While at the NI booth, I was able to see a demonstration from Radx Technologies. They are a recently founded start-up, focusing on delivering DSP (digital signal processing) IP to test system integrators. In particular, they were demonstrating custom signal processing algorithms downloaded onto the FPGAs embedded within the NI PXI VST (vector signal transceiver). Readers can read more about the trend of FPGA customization in a recent blog I wrote here. In this case, Radx demonstrated extremely fast signal analysis of a DOCSYS cable TV system. They also showed very fast update rates of simultaneous test instruments running on the same host controller using LabView. This is a good example of a vendor with an alternative business model of delivering unique IP to the test market.

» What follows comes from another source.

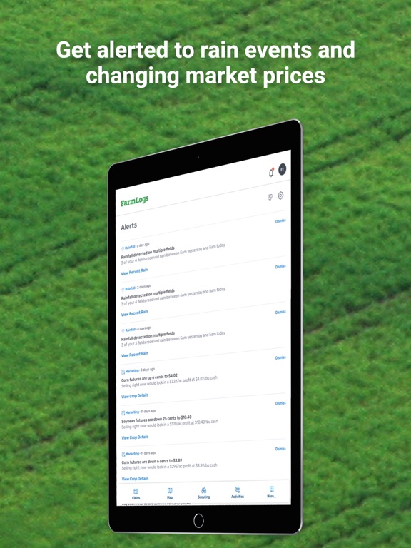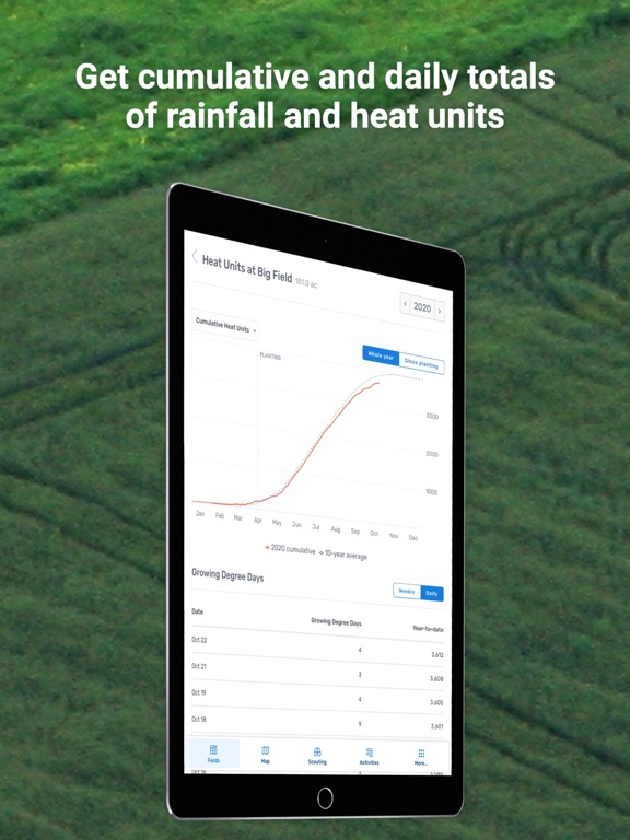 - Receive alerts when it rains on your fields, see field-level rainfall and heat unit accumulation and compare the amounts to prior seasons and the 10-year average

Next I wandered to the Pickering Interfaces booth, and spoke with their CEO, Keith Moore. Pickering has a single focus on switching solutions, and offers PXI and LXI switching solutions. They manufacture many of their own relays, which they consider a competitive advantage. Keith told me that their business has seen a lot of growth this year, a good note while many vendors are stating mixed results. Pickering had just won a contract at Hill Air Force Base, supplying high-density PXI matrix switching to the PATS-70 program for testing the A-10 aircraft. They also announced several new high power switching modules for PXI.
Next was Marvin Test Solutions. Unfamiliar with Marvin? Think Geotest. Geotest recently changed their name to Marvin Test Solutions to signify their alignment with the parent corporation, Marvin Group. Senior Editor Janine Love recently interviewed Marvin Test Solutions CEO Steve Sargeant. I met with Senior Marketing Product Manager Mike Dewey, who also noted the last two words of the new name: Test Solutions. This notes the shift Marvin is making to more complete solutions. Mike showed me a number of mil/aero test systems, packaged differently but all based on a common PXI architecture of 3U and 6U height modules. In most cases, the chassis was embedded deep inside a rugged package and invisible. I was intrigued by their recent entry into semiconductor test with the TS-900. One unique application they have found some traction on was counterfeit part detection. Here the IV (current/voltage) curve of a semiconductor I/O pin acts as a virtual fingerprint to identify different manufacturers, including original manufacturers from the clones. Very clever.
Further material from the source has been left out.